Project-MONAI · wyli · Dec 20, 2021 · Dec 20, 2021 · Dec 20, 2021 · Dec 20, 2021
diff --git a/multimodal/openi_multilabel_classification_transchex/README.md b/multimodal/openi_multilabel_classification_transchex/README.md
@@ -0,0 +1,23 @@
+# Preprocessing Open-I Dataset
+
+The Open-I dataset provides a collection of 3,996 radiology reports
+with 8,121 associated images in PA, AP and lateral views. In this tutorial, we utilize the images from fronal view with their corresponding reports for training and
+evaluation of the TransChex model. The chest x-ray images and reports are originally from the Indiana University hospital (see the licencing information below).
+The 14 finding categories in this work include Atelectasis, Cardiomegaly, Consolidation, Edema, Enlarged-Cardiomediastinum, Fracture, Lung-Lesion, Lung-Opacity, No-Finding, Pleural-Effusion, Pleural-Other, Pneumonia, Pneumothorax and Support-Devices. More information can be found in the following link:
+https://openi.nlm.nih.gov/faq
+
+License: Attribution-NonCommercial-NoDerivatives 4.0 International (CC BY-NC-ND 4.0)
+
+In this section, we provide the steps that are needed for preprocessing the Open-I dataset for
+the multi-label disease classification tutorial using TransCheX model.
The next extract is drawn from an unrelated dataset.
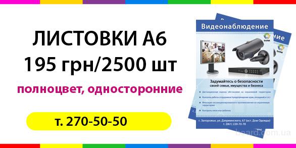 Листовки А6, односторонние, 2500 шт – 195 грн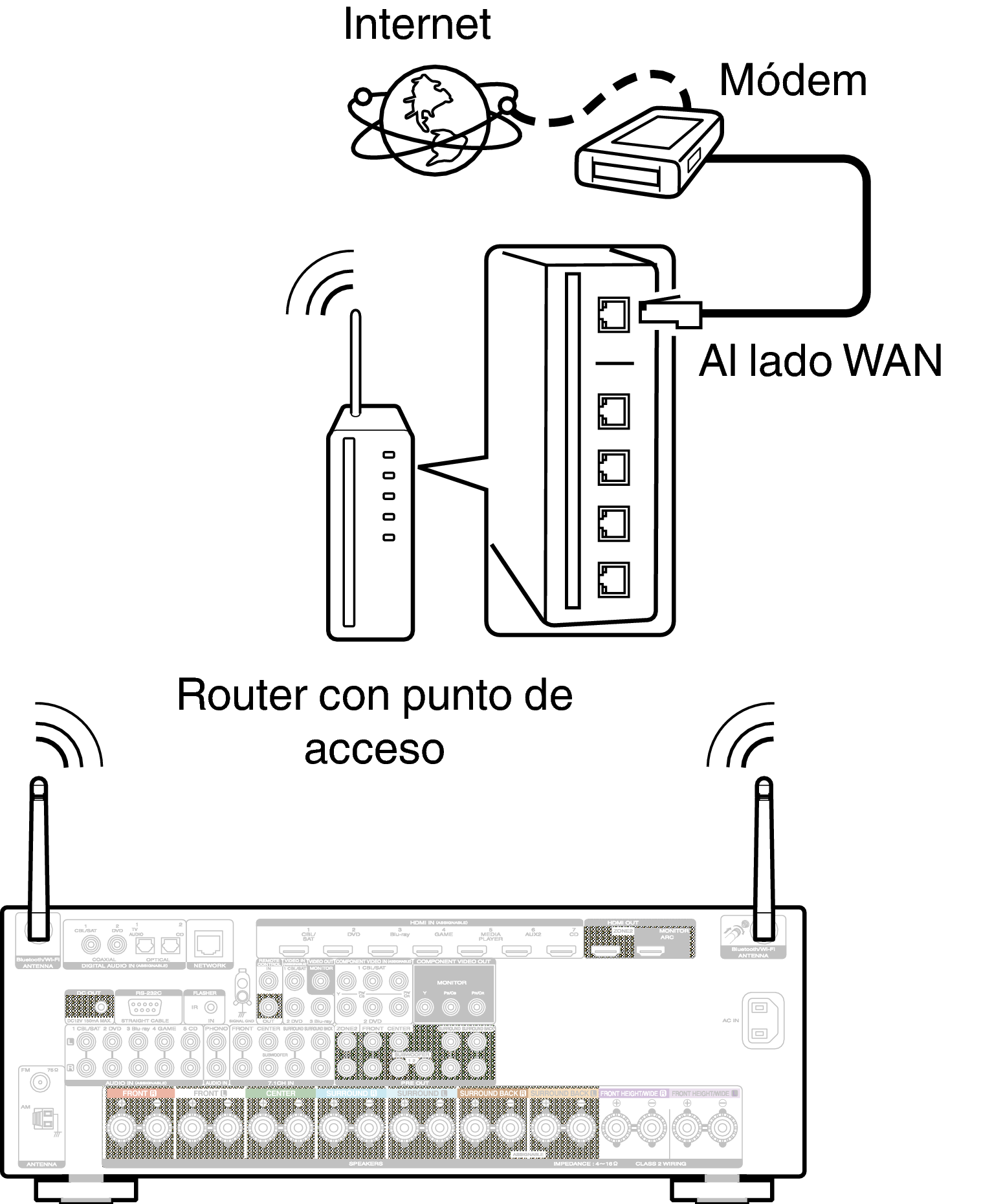 Esta unidad no es compatible con PPPoE. Es necesario un router compatible con PPPoE si su línea contratada no está ajustada utilizando PPPoE.

As a result, once the following steps are
+completed, the dataset can be readily used for the tutorial.
+
+### Preprocessing Steps
+1) Create a new folder named 'monai_data' for downloading the raw data and preprocessing.
+2) Download the chest X-ray images in PNG format from this [link](https://openi.nlm.nih.gov/imgs/collections/NLMCXR_png.tgz). Copy the downloaded file (NLMCXR_png.tgz)
+to 'monai_data' directory and extract it.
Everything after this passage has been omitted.